The prefetch queue simply acts as a buffer between the instruction stream in memory and the opcode fetching circuitry. Unfortunately, the prefetch queue on the 8486 does not enjoy the advantage it had on the 8286. The prefetch queue works well for the 8286 because the CPU isn't constantly accessing memory. When the CPU isn't accessing memory, the BIU can fetch additional instruction opcodes for the prefetch queue. Alas, the 8486 CPU is constantly accessing memory since it fetches an opcode byte on every clock cycle. Therefore, the prefetch queue cannot take advantage of any "dead" bus cycles to fetch additional opcode bytes - there aren't any "dead" bus cycles. However, the prefetch queue is still valuable on the 8486 for a very simple reason: the BIU fetches two bytes on each memory access, yet some instructions are only one byte long. Without the prefetch queue, the system would have to explicitly fetch each opcode, even if the BIU had already "accidentally" fetched the opcode along with the previous instruction. With the prefetch queue, however, the system will not refetch any opcodes. It fetches them once and saves them for use by the opcode fetch unit.

For example, if you execute two one-byte instructions in a row, the BIU can fetch both opcodes in one memory cycle, freeing up the bus for other operations. The CPU can use these available bus cycles to fetch additional opcodes or to deal with other memory accesses.

Of course, not all instructions are one byte long. The 8486 has two instruction sizes: one byte and three bytes. If you execute several three-byte load instructions in a row, you're going to run slower, e.g.,

                mov     ax, 1000
                mov     bx, 2000
                mov     cx, 3000
                add     ax, 5000

Each of these instructions reads an opcode byte and a 16 bit operand (the constant). Therefore, it takes an average of 1.5 clock cycles to read each instruction above. As a result, the instructions will require six clock cycles to execute rather than four.

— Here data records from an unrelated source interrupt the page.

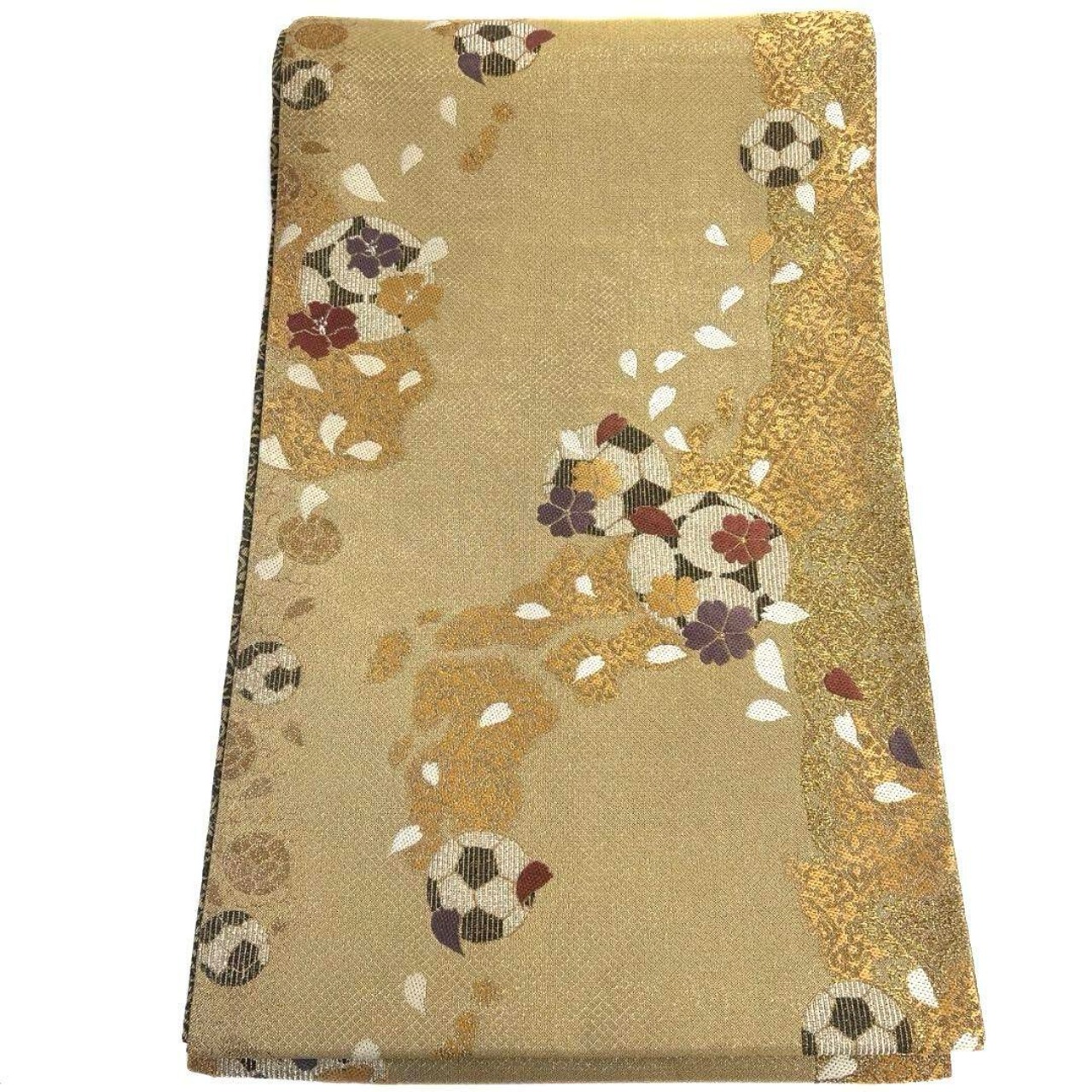 全体にサッカーボールや大陸、和を象徴する桜花模様が金糸を交え織り出された1着です。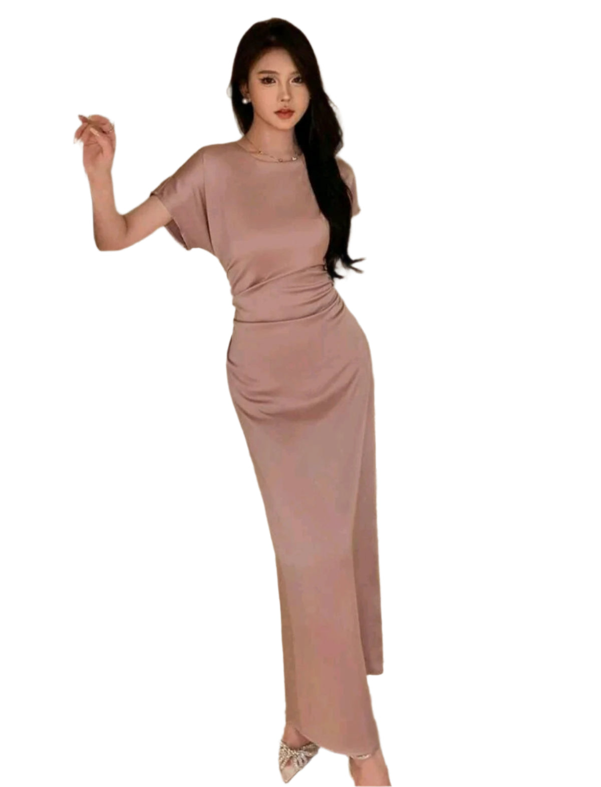 Címke nélküli, elegáns, szatén hatású anyagból készült hosszú ruha. Rövid ujjú, kerek nyakkivágással és lágy esésű szabással. Derékrésznél enyhén húzott, testhezálló fazon, amely kiemeli az alakot. Tökéletes választás alkalmakra, vacsorákra vagy esti programokra.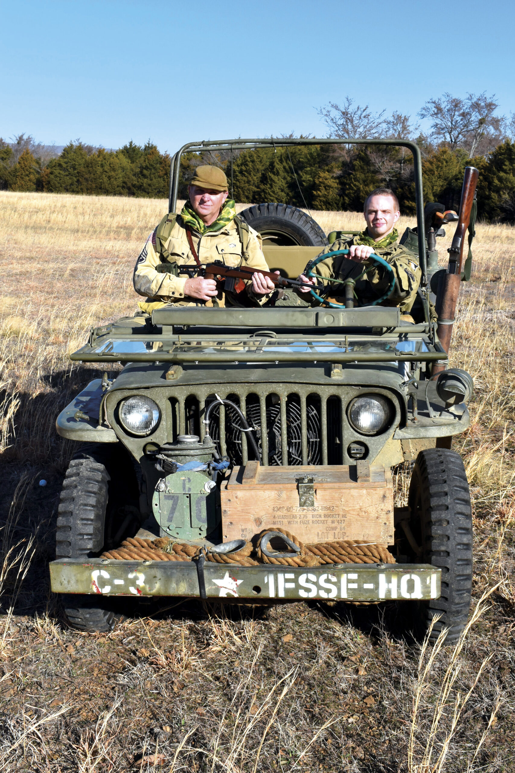 Fisher also belongs to McAlester’s VFW Post 1098, where he participates in the Honor Guard and volunteers during bingo nights. Father and son participated in 2025’s Veterans Day parade in Hartshorne, Oklahoma, driving the WWII jeep and displayed military uniforms and gear in the town’s old Armory.

Once again we return to that same rule: the fastest programs are the ones which use the shortest instructions. If you can use shorter instructions to accomplish some task, do so. The following instruction sequence provides a good example:

                mov     ax, 1000
                mov     bx, 1000
                mov     cx, 1000
                add     ax, 1000

We can reduce the size of this program and increase its execution speed by changing it to:

                mov     ax, 1000
                mov     bx, ax
                mov     cx, ax
                add     ax, ax

This code is only five bytes long compared to 12 bytes for the previous example. The previous code will take a minimum of five clock cycles to execute, more if there are other bus contention problems. The latter example takes only four. Furthermore, the second example leaves the bus free for three of those four clock periods, so the BIU can load additional opcodes. Remember, shorter often means faster.

While the prefetch queue can free up bus cycles and eliminate bus contention, some problems still exist. Suppose the average instruction length for a sequence of instructions is 2.5 bytes (achieved by having three three-byte instructions and one one-byte instruction together). In such a case the bus will be kept busy fetching opcodes and instruction operands. There will be no free time left to access memory. Assuming some of those instructions access memory the pipeline will stall, slowing execution.

Suppose, for a moment, that the CPU has two separate memory spaces, one for instructions and one for data, each with their own bus. This is called the Harvard Architecture since the first such machine was built at Harvard. On a Harvard machine there would be no contention for the bus. The BIU could continue to fetch opcodes on the instruction bus while accessing memory on the data/memory bus:

In the real world, there are very few true Harvard machines. The extra pins needed on the processor to support two physically separate busses increase the cost of the processor and introduce many other engineering problems. However, microprocessor designers have discovered that they can obtain many benefits of the Harvard architecture with few of the disadvantages by using separate on-chip caches for data and instructions. Advanced CPUs use an internal Harvard architecture and an external Von Neumann architecture.The figure below shows the structure of the 8486 with separate data and instruction caches.

Each path inside the CPU represents an independent bus. Data can flow on all paths concurrently. This means that the prefetch queue can be pulling instruction opcodes from the instruction cache while the execution unit is writing data to the data cache. Now the BIU only fetches opcodes from memory whenever it cannot locate them in the instruction cache. Likewise, the data cache buffers memory. The CPU uses the data/address bus only when reading a value which is not in the cache or when flushing data back to main memory.

By the way, the 8486 handles the instruction operand / opcode fetch contention problem in a sneaky fashion. By adding an extra decoder circuit, it decodes the instruction at the beginning of the prefetch queue and three bytes into the prefetch queue in parallel. Then, if the previous instruction did not have a 16-bit operand, the CPU uses the result from the first decoder; if the previous instruction uses the operand, the CPU uses the result from the second decoder.

Although you cannot control the presence, size, or type of cache on a CPU, as an assembly language programmer you must be aware of how the cache operates to write the best programs. On-chip instruction caches are generally quite small (8,192 bytes on the 80486, for example). Therefore, the shorter your instructions, the more of them will fit in the cache (getting tired of "shorter instructions" yet?). The more instructions you have in the cache, the less often bus contention will occur. Likewise, using registers to hold temporary results places less strain on the data cache so it doesn't need to flush data to memory or retrieve data from memory quite so often. Use the registers wherever possible!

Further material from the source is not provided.